■ **YOUR OBJECTIVE**
A faithful copy is required. Print each line of the data exactly and omit the pictures.

Saved entries
________

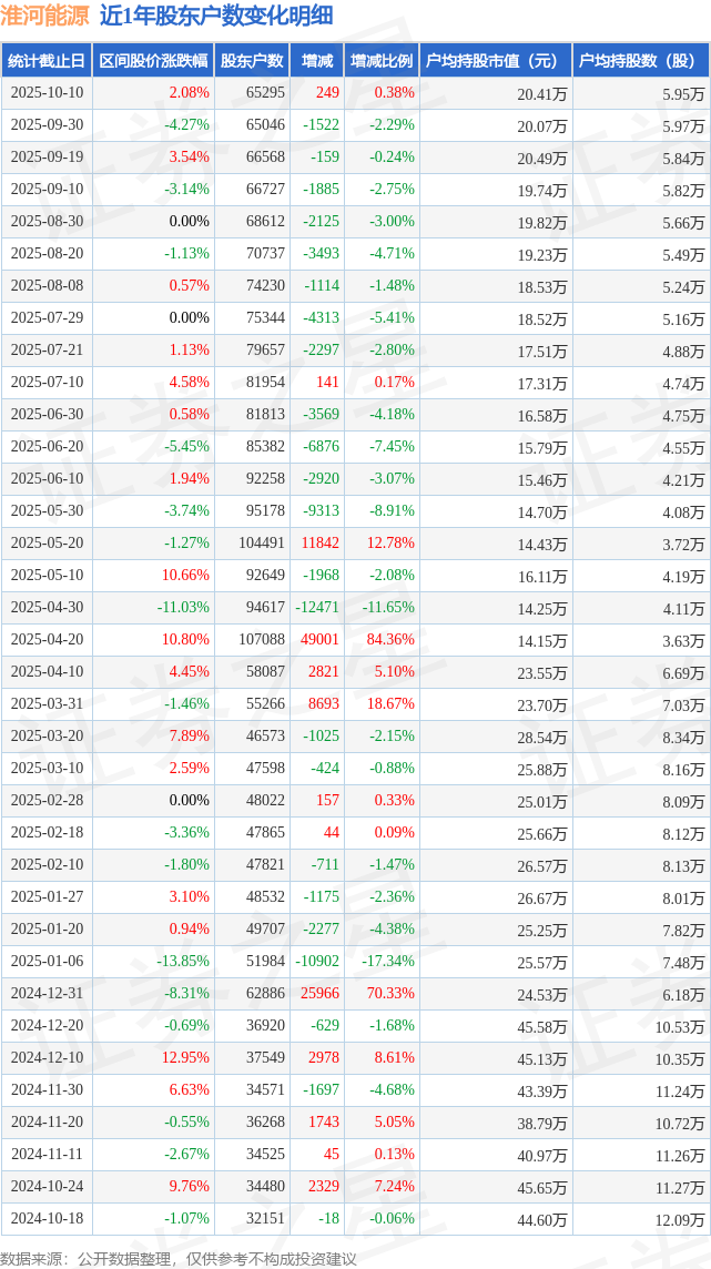 从股价来看,2025年9月30日至2025年10月10日,淮河能源区间涨幅为2.08%,在此期间股东户数增加249.0户,增幅为0.38%。
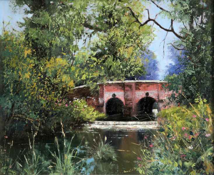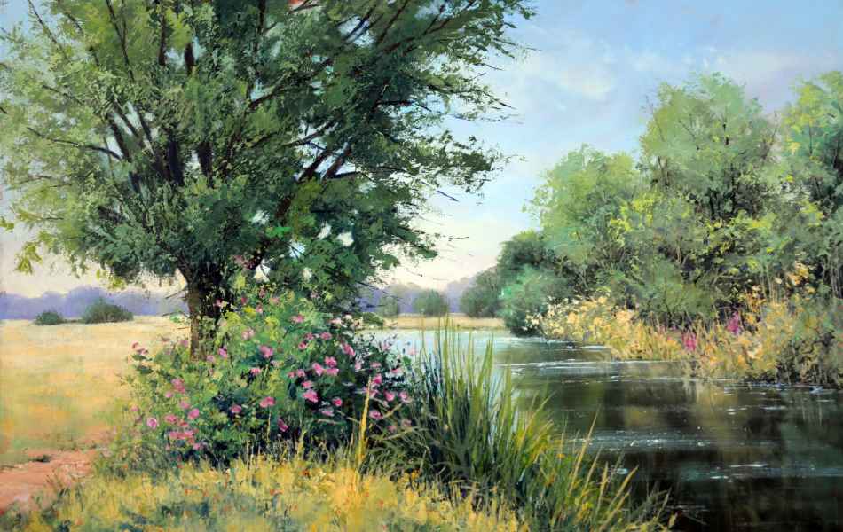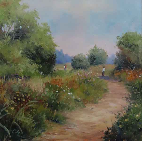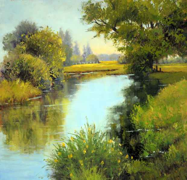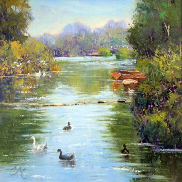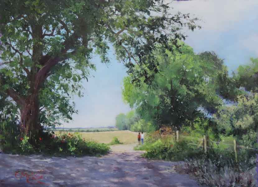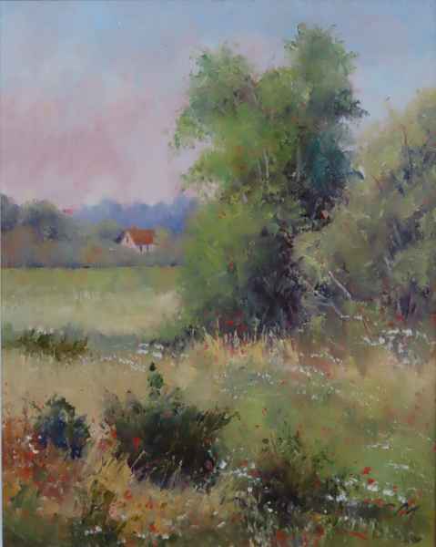 She is most content working en plein air to capture the scene before her, and uses painting knives to give her work a fresh and loose approach on traditional landscapes, a technique that also works well on larger studio pieces.
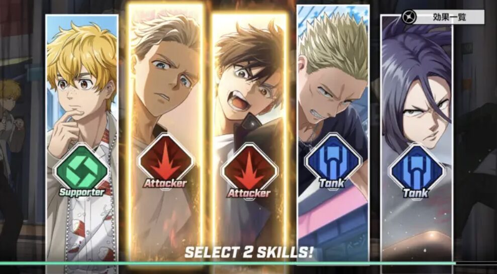 タッグスキルは5体のキャラクターの中から2体を選んでスキルを発動させます。
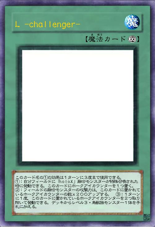 | このカード名の①の効果は1ターンに3度まで使用できる。 ①:自分フィールドに「holoX」融合モンスターが特殊召喚された時に発動できる。このカードにホークアイカウンターを1つ置く。 ②:フィールドの融合モンスターの攻撃力は、このカードに置かれているホークアイカウンターの数x200アップする。 ③:1ターンに1度、このカードに置かれているホークアイカウンターを2つ取り除いて発動できる。デッキからレベル3・鳥獣族モンスター1体を手札に加える。 | |||
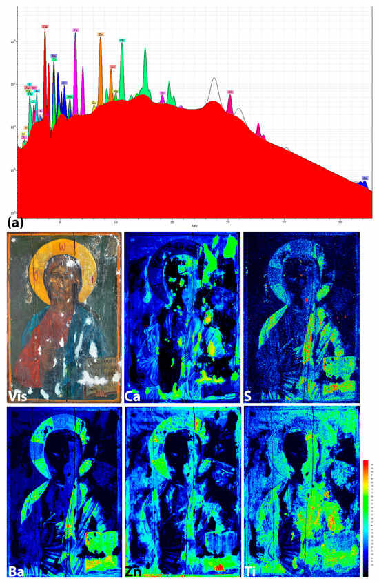 The MA-XRF sum spectrum (a), followed by a photograph of the icon (Vis) and the distribution maps (MA-XRF) of the chemical elements calcium, sulfur, barium, zinc, and titanium.
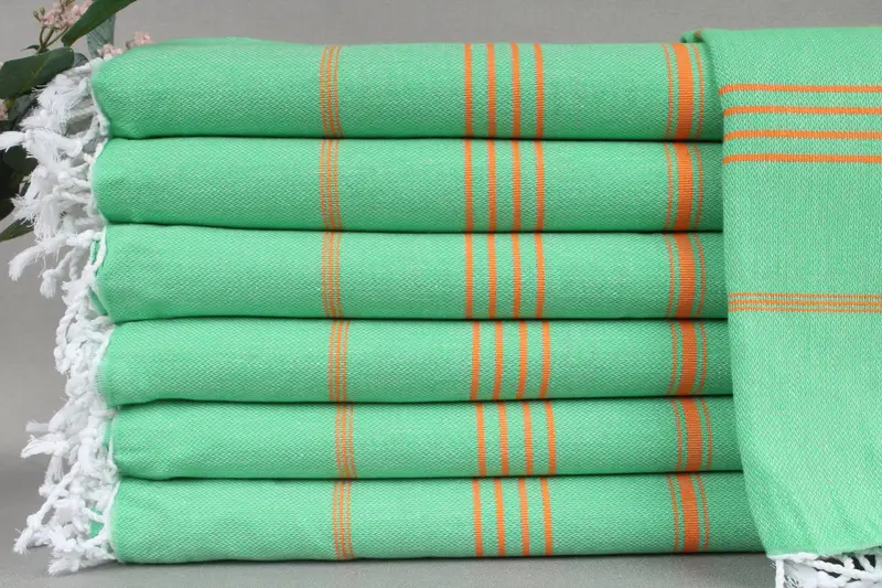 Organic Turkish cotton ensures premium quality and exceptional absorbency. The towels are intricately hand-woven on traditional looms, resulting in high-quality products. Each towel is 71x40 inches or 180x100 centimeters, weighing 265 grams with a tolerance of ±2 inches or 5 centimeters due to the weaving process.
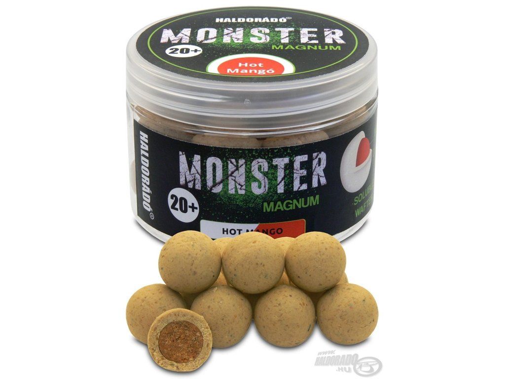Rad MONSTER nie je známy svojimi príjemnými vôňami, ktoré si ľudský nos môže vychutnať, ale jeho chytľavosť je nesporná! Okrem návnad a peliet je jasné, že tento sortiment ponúkame aj vo forme príchutí. MONSTER Magnum má všetky výhody rozpustných aj varených nástrah, pretože ide o nástrahu s vareným stredom a rozpustnou vonkajšou vrstvou! Vnútorné jadro je korkovo mletá varená nerozpustná nástraha s priemerom 14 mm. Vonkajšia vrstva je hrubá 3 mm a neustále sa rozpúšťa a uvoľňuje lákavé príchute. Vnútorná, varená časť návnady môže vydržať až 72 hodín, zatiaľ čo vonkajšia časť sa rozpúšťa 2 - 3 hodiny (v závislosti od teploty vody). Odporúča sa najmä na lov pri vysokom tlaku, vysokých úlovkoch, opatrný, kapitálny rybolov, ale prekvapivo sa osvedčila aj pri love na bielej vode, na Dunaji, pri vyberaní a chytaní kaprov v tejto oblasti! Jadro Spicy Liver je hnedé, rozpúšťacia vrstva je bordová, jadro Buttermilk & Sea Crab je čierne, rozpúšťacia vrstva je oranžová. Jadro Liver & Blood je červené, rozpúšťacia vrstva je hnedá. Jadro Kalmár & Brusnica má čierne jadro s ružovou rozpustnou vrstvou, jadro Červený losos má tmavohnedé jadro s tmavou vínovou rozpustnou vrstvou a jadro Pálivé mango má oranžové jadro s bielou rozpustnou vrstvou. Jadro larvy Tuna & Mosquito je hnedé a rozpustná vrstva je bordová. Nová príchuť 2026, Fire Tiger, má hnedé jadro a červenú vonkajšiu rozpustnú vrstvu.Dodatočné parametre
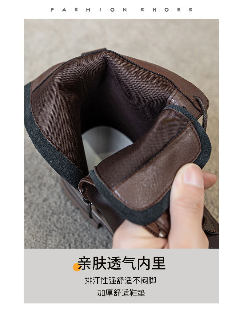 Chaoyuan マーティンブーツ女性のための 2025 秋と冬の新しい英国スタイルのフラットオートバイショートブーツ女性のためのベルベット肥厚レトロレザーブーツ
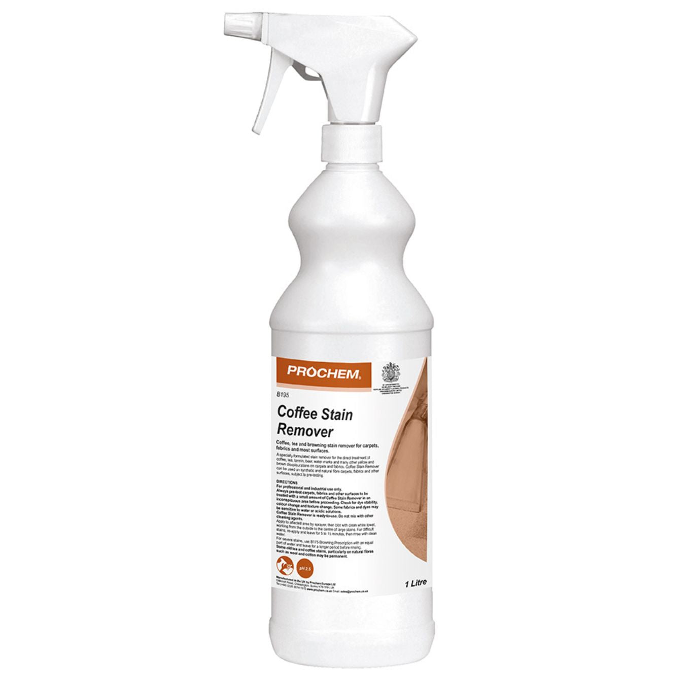 PROCHEM COFFEE STAIN REMOVER is a professional, ready to use spotter stain remover for direct treatment of tea, coffee, beer, tannin and water mark staining on fabrics and carpets. Suitable for synthetic and natural fibres, this clear, acidic liquid leaves a fresh lemon fragrance.
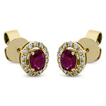 Ohrstecker 18 kt GG, 28 Brill. 0,08 ct, TW-pi, 2 Rubine 0,42 ct rot

________

■ **ANSWER SECTION**
 从股价来看,2025年9月30日至2025年10月10日,淮河能源区间涨幅为2.08%,在此期间股东户数增加249.0户,增幅为0.38%。
 She is most content working en plein air to capture the scene before her, and uses painting knives to give her work a fresh and loose approach on traditional landscapes, a technique that also works well on larger studio pieces.
 タッグスキルは5体のキャラクターの中から2体を選んでスキルを発動させます。
 | このカード名の①の効果は1ターンに3度まで使用できる。 ①:自分フィールドに「holoX」融合モンスターが特殊召喚された時に発動できる。このカードにホークアイカウンターを1つ置く。 ②:フィールドの融合モンスターの攻撃力は、このカードに置かれているホークアイカウンターの数x200アップする。 ③:1ターンに1度、このカードに置かれているホークアイカウンターを2つ取り除いて発動できる。デッキからレベル3・鳥獣族モンスター1体を手札に加える。 | |||
 The MA-XRF sum spectrum (a), followed by a photograph of the icon (Vis) and the distribution maps (MA-XRF) of the chemical elements calcium, sulfur, barium, zinc, and titanium.
 Organic Turkish cotton ensures premium quality and exceptional absorbency. The towels are intricately hand-woven on traditional looms, resulting in high-quality products. Each towel is 71x40 inches or 180x100 centimeters, weighing 265 grams with a tolerance of ±2 inches or 5 centimeters due to the weaving process.
Rad MONSTER nie je známy svojimi príjemnými vôňami, ktoré si ľudský nos môže vychutnať, ale jeho chytľavosť je nesporná! Okrem návnad a peliet je jasné, že tento sortiment ponúkame aj vo forme príchutí. MONSTER Magnum má všetky výhody rozpustných aj varených nástrah, pretože ide o nástrahu s vareným stredom a rozpustnou vonkajšou vrstvou! Vnútorné jadro je korkovo mletá varená nerozpustná nástraha s priemerom 14 mm. Vonkajšia vrstva je hrubá 3 mm a neustále sa rozpúšťa a uvoľňuje lákavé príchute. Vnútorná, varená časť návnady môže vydržať až 72 hodín, zatiaľ čo vonkajšia časť sa rozpúšťa 2 - 3 hodiny (v závislosti od teploty vody). Odporúča sa najmä na lov pri vysokom tlaku, vysokých úlovkoch, opatrný, kapitálny rybolov, ale prekvapivo sa osvedčila aj pri love na bielej vode, na Dunaji, pri vyberaní a chytaní kaprov v tejto oblasti! Jadro Spicy Liver je hnedé, rozpúšťacia vrstva je bordová, jadro Buttermilk & Sea Crab je čierne, rozpúšťacia vrstva je oranžová. Jadro Liver & Blood je červené, rozpúšťacia vrstva je hnedá. Jadro Kalmár & Brusnica má čierne jadro s ružovou rozpustnou vrstvou, jadro Červený losos má tmavohnedé jadro s tmavou vínovou rozpustnou vrstvou a jadro Pálivé mango má oranžové jadro s bielou rozpustnou vrstvou. Jadro larvy Tuna & Mosquito je hnedé a rozpustná vrstva je bordová. Nová príchuť 2026, Fire Tiger, má hnedé jadro a červenú vonkajšiu rozpustnú vrstvu.Dodatočné parametre
 Chaoyuan マーティンブーツ女性のための 2025 秋と冬の新しい英国スタイルのフラットオートバイショートブーツ女性のためのベルベット肥厚レトロレザーブーツ
 PROCHEM COFFEE STAIN REMOVER is a professional, ready to use spotter stain remover for direct treatment of tea, coffee, beer, tannin and water mark staining on fabrics and carpets. Suitable for synthetic and natural fibres, this clear, acidic liquid leaves a fresh lemon fragrance.
 Ohrstecker 18 kt GG, 28 Brill. 0,08 ct, TW-pi, 2 Rubine 0,42 ct rot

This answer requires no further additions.